In 1704, Mrs Elizabeth Fuller of Watford Place built the Watford Free School for forty boys and twenty girls on her land next to the churchyard, with rooms for a Master and a Mistress. The school-house was a fine structure at the south-west corner of St Mary's churchyard, and can still be seen there. In 1708 Mrs Fuller endowed the school with a rent-charge of £52 a year. The boys were taught to read, write and cast accounts, and the girls to read English, to knit and to sew.

The £52 a year was augmented with bequests, producing a revenue of £178, but the rent-charges were fixed and lost their value through inflation. Despite the help of endowments and gifts, the original charity school was in a sad state by the 1870s, when an application to the Charity Commissioners to sell part of the endowment to pay for overdue repairs led to an enquiry into the school. In 1878, the Commission forbad the school from admitting any more pupils in its current state, and asked the trustees to choose between turning the school into a public elementary school or amalgamating with a sum of £13,333/6/8d from the Platt Foundation for Aldenham School to form a new middle class school. With some reluctance, the trustees chose the latter, and the free school closed on 10 August 1882. The thirteen boys and two girls still at Mrs Fuller's Free School were placed in local elementary schools.

In 1881, a scheme was presented to the Charity Commissioners, combining Mrs Fuller's foundation with a portion of the Platt foundation to form the Watford Endowed Schools, which would educate up to 200 boys and 100 girls from age 7 to 16. The fees would be £4 to £8, although there would also be a number of scholarships. The trustees of the Free School became governors of the new schools, as did three representatives of the Brewers' Company (trustees of the Platt Foundation) and the vicar of Watford. The schools' heraldry reflects the union of the two foundations:
- On the left is the coat of arms of John Chilcott (Elizabeth Fuller's father), which are inscribed over the door of the Free School.
- On the right is the coat of arms of Richard Platt, which may also be seen at Aldenham School.
The schools' motto dates from the same period, and was taken from Virgil's Aeneid IX, 158: "pugnam sperate parati" ("look forward to the battle, prepared").

===New school===

The new boys' school was opened by the Earl of Clarendon on 21 April 1884, and the girls' school the next day. They started with 69 boys and 46 girls, rising to 129 boys and 68 girls during the year.
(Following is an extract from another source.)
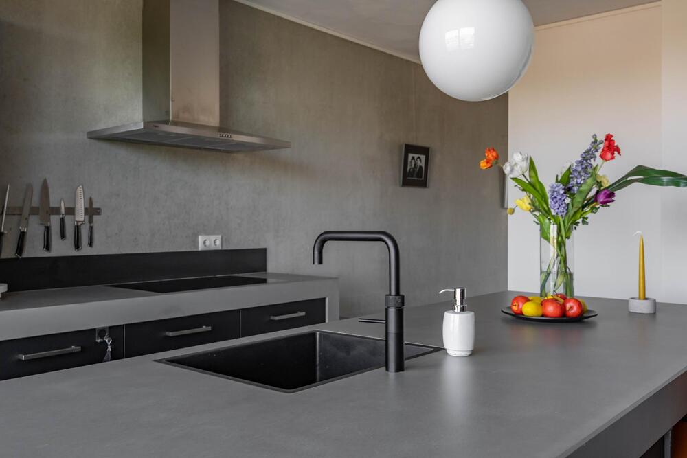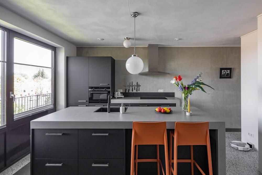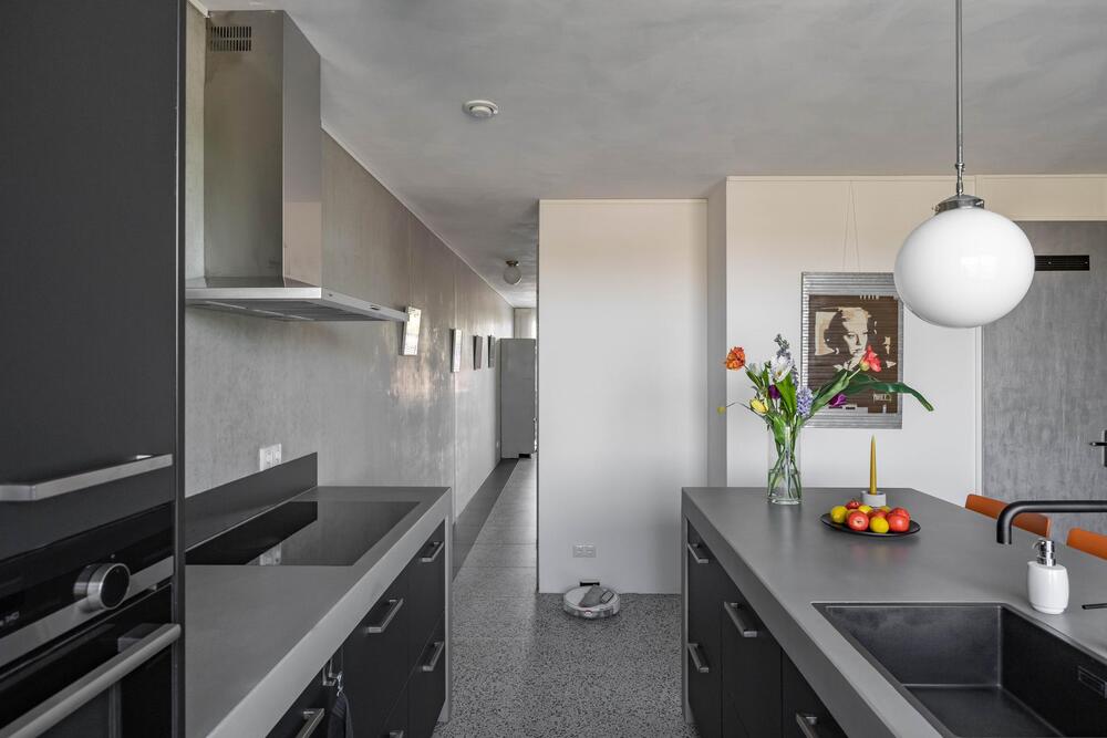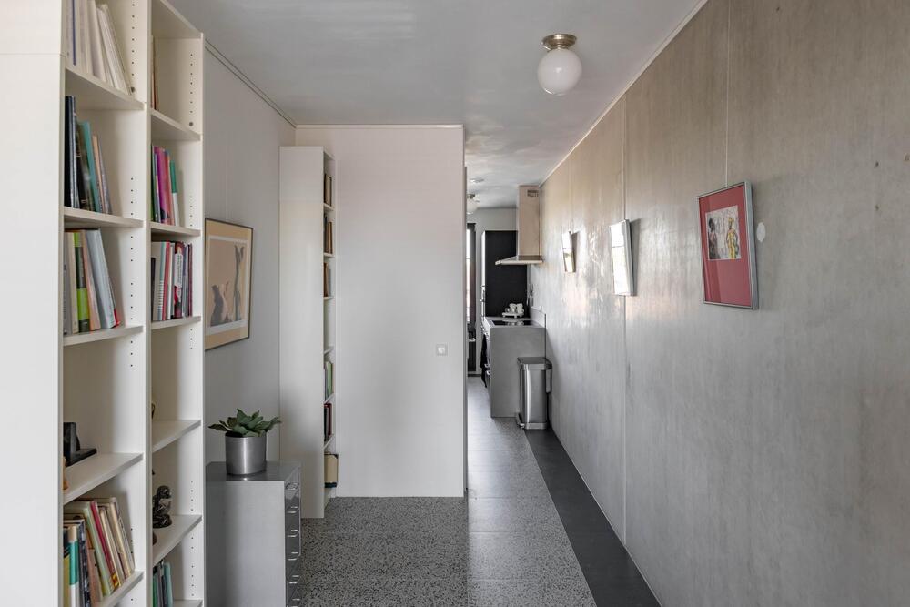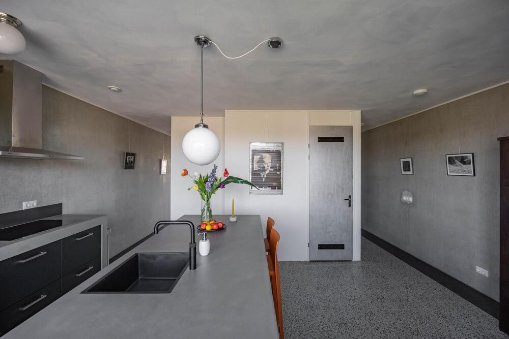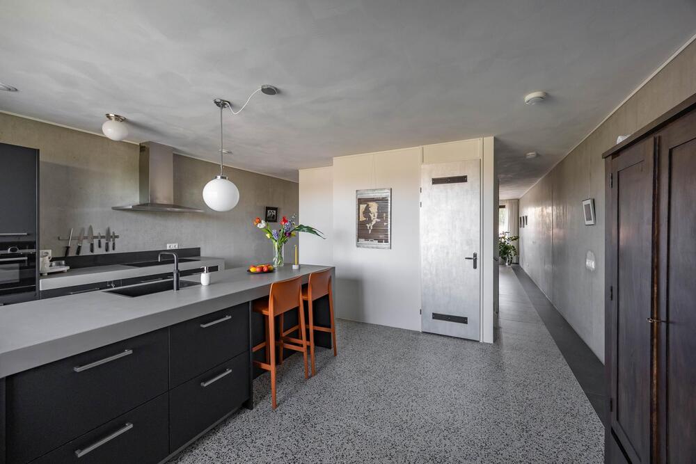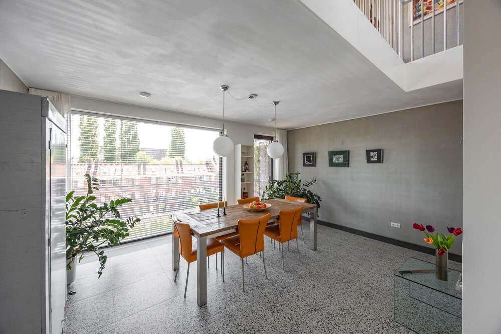 Entree in de ruime living (60 m2) v.v. keuken met een spoeleiland en diverse inbouwapparatuur. Via de hal aan de rechterkant van de woning loop je langs de bijkeuken (4 m2) met de technische installaties en de witgoedaansluitingen, het toilet en kom je uiteindelijk in de ruime en lichte eetkamer voorzien van frans balkon en vide. Aan de linkerkant van de woning is een studeer/kantoorgedeelte gerealiseerd.

In 1903, the schools' names were changed to the Watford Grammar School and the Watford Grammar School for Girls. By 1904, the schools had outgrown their buildings, with 312 boys and 148 girls.

With the help of Hertfordshire County Council, a new girls' school was built and opened in Lady's Close in 1907, and the boys spread into the building the girls had vacated. In return, the council demanded changes in the schools' denominational character, and in 1908 a revised scheme removed the requirement that masters and mistresses belong to the Church of England and allowed pupils to opt out of instruction in the teachings of the Church. The leaving age was also raised to 17, and the number of scholarships increased.

The building was still insufficient for the boys' school, and with assistance from the County Council the school purchased part of Cassiobury Park facing Rickmansworth Road to build a new school. On 23 February 1912, the boys assembled outside the Derby road buildings and walked to the new site, which was formally opened by the Earl of Clarendon on 20 March 1912. Sixth Form courses were introduced during the First World War. In 1924, Rugby union was introduced in the boys' school and took over from football as the main winter sport.

The schools had become increasingly reliant on the county council for building funds, and with the introduction of the Tripartite System in 1944, the schools fully entered the maintained sector as voluntary controlled grammar schools. From 1947 to 1974 Hertfordshire participated in the Fleming scheme.

The schools also phased out their preparatory or junior departments to become purely secondary schools.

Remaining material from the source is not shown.